Папаша Горемыка - Дюма Александр (книги регистрация онлайн .TXT) 📗
Услышав это, Франсуа Гишар едва не уронил свою внучку, которую дала ему подержать Луизон. Вернув девочку жене, он разрыдался, а затем разразился проклятиями и горестными криками. Этот человек с его грубыми повадками, столь сурово относившийся к самому себе, оплакивал сыновей с душераздирающей болью: он катался по полу, ломая все, что попадалось на его пути, и страстно взывал к милости и состраданию Бога; все думали, что он лишился рассудка.

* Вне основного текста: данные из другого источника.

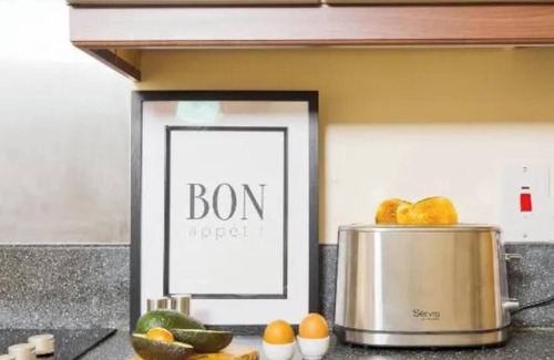 Designed with convenience and comfort in mind, this apartment includes a cozy seating area, perfect for unwinding after a busy day, and a fully equipped kitchen for home-cooked meals.
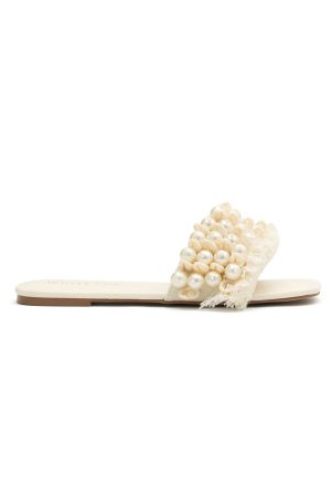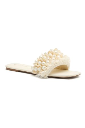 Welcoming the Valentina Sandals in Cream – your next wishlist must have! features an open square toe. rounded back heel and thick strap with fabric. and stunning pearl and shell detailing. Complete the look with a cute mini skirt and tank for a look we are obsessed with.
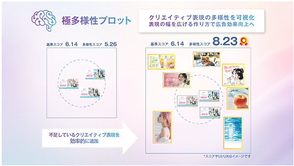 例えば、「若年層向け」や「価格訴求」など特定の切り口に偏って配信されている傾向を可視化し、「中高年層向け」や「品質訴求」などこれまで試してこなかった訴求手法の発見を促して、より多様なクリエイティブ制作を可能にする。同社の「極予測(キワミヨソク)AI」と組み合わせることによって、より幅広いユーザーと訴求表現のバリエーションを持つ広告制作が可能になり、広告効果のさらなる向上が期待できる。
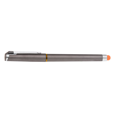 The Islander Softy Gel pen combines two customer-favorites: a gel pen and a soft-touch rubberized finish. This ultra-sleek capped pen is a satin Gunmetal Gray color with a black rubberized grip and chrome trim and accents. Customize with choice of a colorful translucent accent where the grip meets the barrel, and a matching colorful stylus. A great item for trade shows, job fairs, and so much more. Customize with your logo, imprinted with 1-color silkscreen. Complies with Prop 65. 5.98" W x 0.47" D
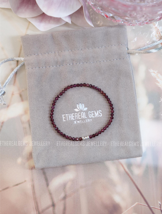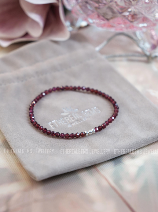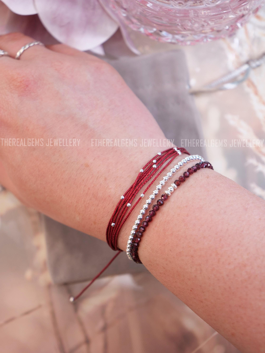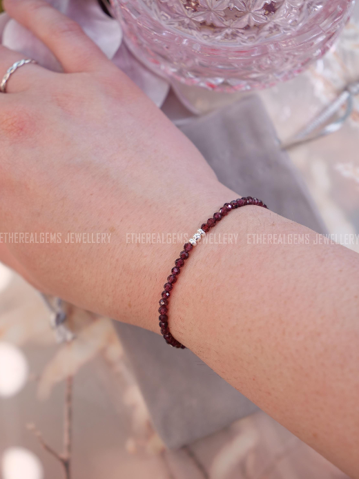 3mm Minimalist Gemstone Bracelet, Almandine Garnet bracelet, Elastic gemstone bracelet,Stacking bracelet,Beach bracelet,Red vintage bracelet
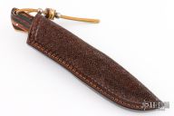 This hunter by Richard Self features a satin finished drop point blade with notched thumbrest, .135" blade stock and .977" depth, full tang construction. The handle has dovetailed stainless steel bolsters and stag scales. Lanyard hole and nice filework on spine of tang. Comes with a hand tooled brown leather sheath. Excellent condition. This knife model was awarded Blade Magazine's Best Hunter award of 2006.
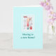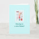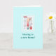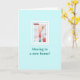 Este Cartão de Parabéns Nova Casa? apresenta uma colheita caprichosa de aquarela e lápis colorido de um apartamento e casa, e diz, "Mudando para uma nova casa?" E dentro, "Parabéns!"
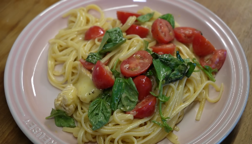 - 링귀니 면( 아무 파스타면이나 대체가능), 브리치즈, 방울토마토, 생바질 (없으면 루꼴라 생파슬리 참나물 대체가능) 소금, 후추, 올리브오일, 마늘 취향껏
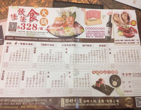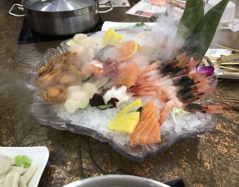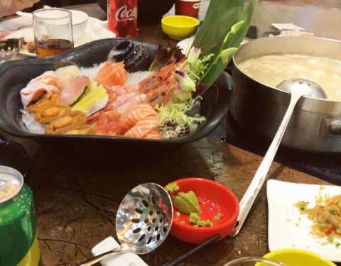 自助火锅328/位。各类刺身、肉、海鲜、青菜、主食,品种挺全的,食材也挺新鲜的。大晚上的吃自助真是罪过!不要嫌弃虾为什么小的像基围虾,大的那是单点的。哈哈。人家服务员就是爱说实话!对了这里面的大油条挺好吃的。
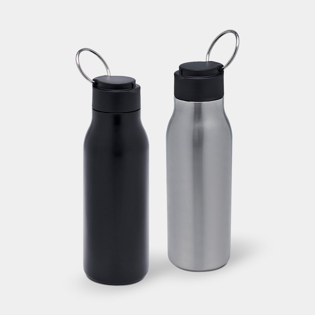 Cilindro metálico de una pared y tapa de plástico con cierre de rosca. Incluye aro metálico en la tapa que funciona como asa. Terminado mate.
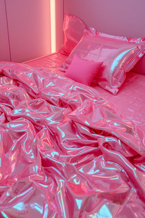 Bed with Satin Pillows and Sheets in pastel colors pink and lilac.

Такое состояние мужа отвлекло Луизон от терзавших ее страданий; она попыталась утешить Франсуа самыми ласковыми словами, какие только знала. Впервые за двадцать лет рыбак оттолкнул женщину, которую он так нежно любил.
Тогда несчастную мать осенило; она снова протянула мужу новорожденного младенца и посмотрела на Франсуа таким умоляющим взглядом, что его отчаянное исступление вмиг утихло, подобно тому как прекращается дождь, когда ветер разгоняет тучи. Рыбак прижал крошку к груди и до вечера держал ее на руках, оставаясь безмолвным и неподвижным; лишь крупные слезы текли по его щекам, падая на пеленки и личико ребенка.
Эти слезы были первым крещением девочки, которой суждено сыграть немаловажную роль в нашем повествовании.
Франсуа Гишар так и не смирился со своей утратой; он стал мрачным и молчаливым, избегал жены и за целый день мог не сказать ей ни слова; он стал таким же нелюдимым, каким был в юности. Не раз ему доводилось ночевать в лодке, чтобы не видеть убогой комнаты, где родились его покойные сыновья. Если он изредка садился за стол с Луизон или если взгляды супругов случайно встречались, оба, не сговариваясь, принимались плакать.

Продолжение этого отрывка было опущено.